As the capitalist system evolved through the 19th century and raised the living standards of the succeeding generations, more and more people were pushed to the fringes of society while a gradually decreasing number of people owned larger portions of the economic pie, a context in which the middle class emerged.

The system’s jaw-dropping economic prowess and swift rate of growth prompted most of the world to adopt one form of it or another and the system in its totality went unchallenged for a long time.

Though the Bolsheviks had taken over what would become the USSR, the glorious ‘20s reminded people in the West of the wonderful life that that the power of unfettered Capitalism, Industry and Investment made possible. Fascism arose for a while as a viable alternative, particularly as the economy in the 1930’s was decimated, and then the Second World War broke out. We all know the ending to that…

But the Union of Soviet Satellite Republics (USSR) had consolidated its power since the October Revolution of 1917 and for just as long had brought onto the international arena the reality of a Socialist Agenda in regards to economics, politics and culture. They purported to reverse the poverty that – they claimed – the Capitalist Bloc had created. Lamentably, by the 1950s, the USSR under Joseph Stalin had deteriorated into a totalitarian regime, leaving no room for individual freedom and a looming bureaucratic menace ripped right out of Orwell’s 1984 as its legacy.

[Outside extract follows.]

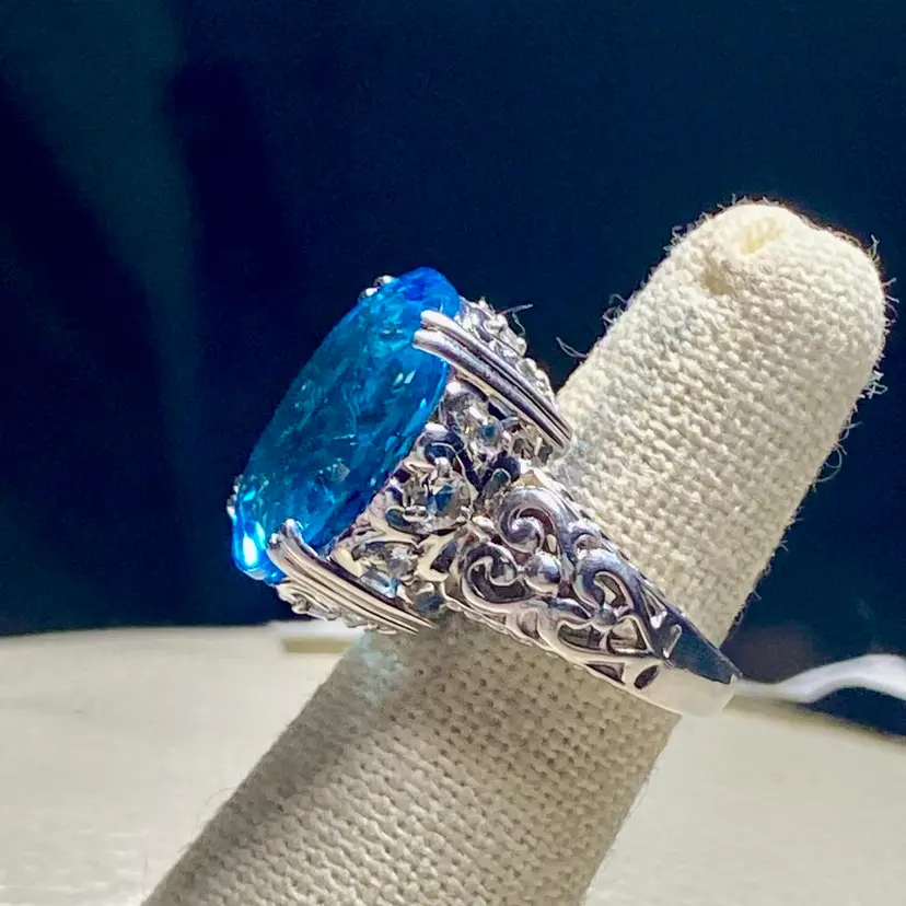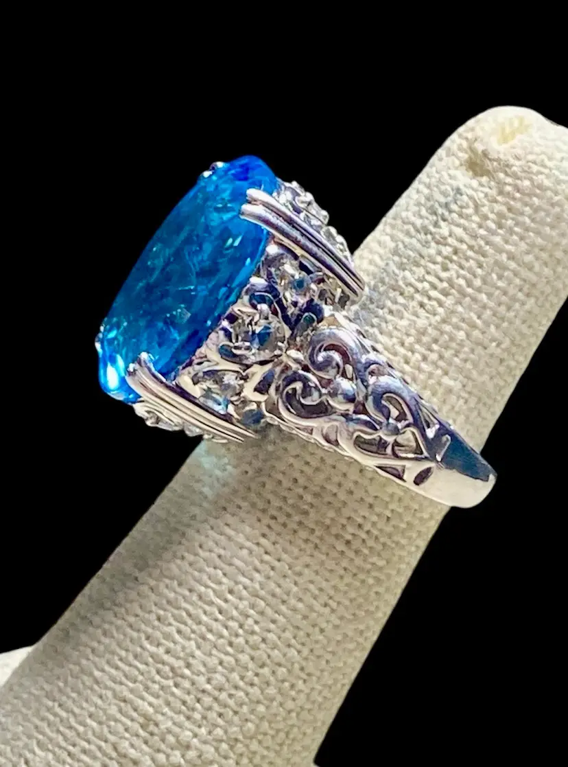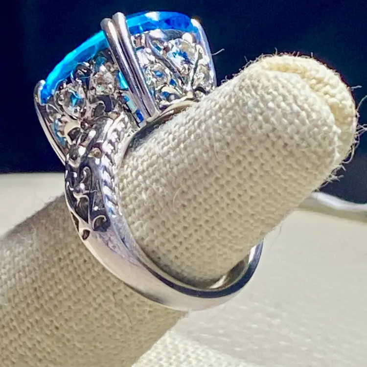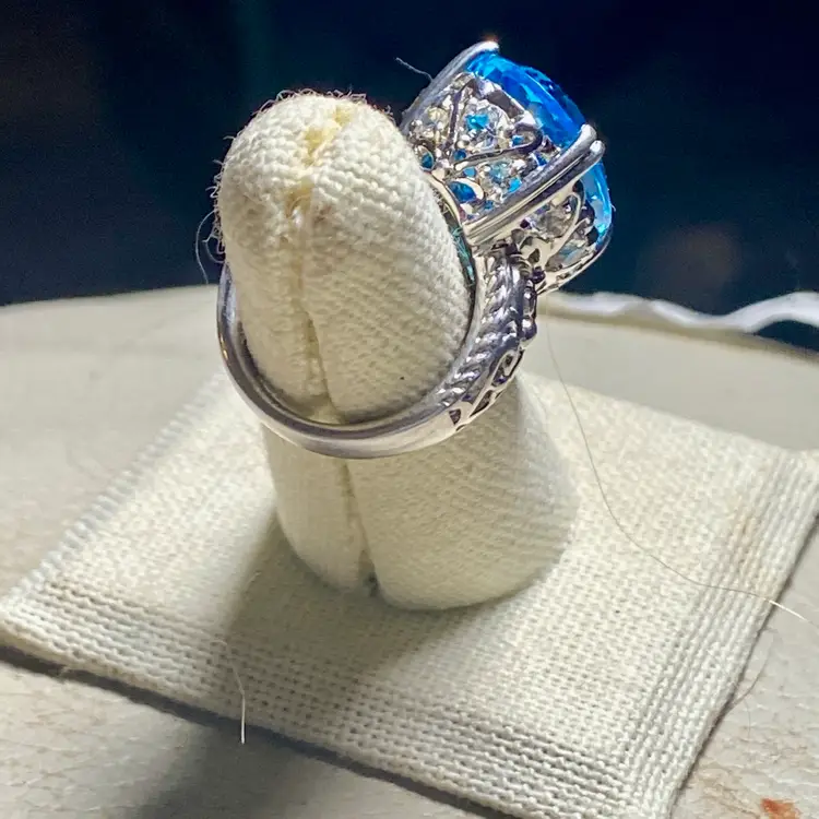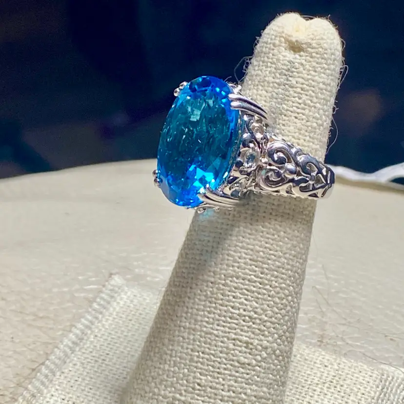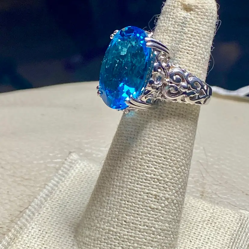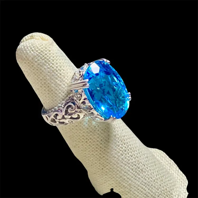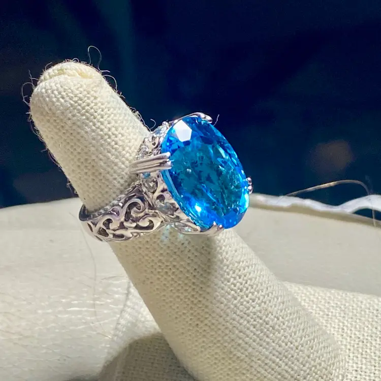 Ring is a Sterling Silver Vault 13.50 ctw "Ostro" Blue Topaz & White Topaz Ring, which was sold on QVC. The ring features a large, oval-cut Ostro blue topaz as its centerpiece, surrounded by smaller white topaz stones and set in sterling silver. Max Ostro, the founder of Blue Topaz, owned the vault the stone originated from. The ring was sold on QVC in 2011 and is now considered a retired item.

The end of the Cold War, amongst other things, convinced the world to denounce the idea that Socialism could solve the problem of poverty. And understandably so, because its ambassador ended up creating more poverty, inequality and state corruption than before.

Victorious Western Capitalism is today exported practically worldwide. It’s thought that the fantastic wave of neo-liberalism will lift the Third World out from the bottom of the sea. But a venomous concoction of hyped-up political antagonisms and unfettered neo-liberalism has caused adverse effects.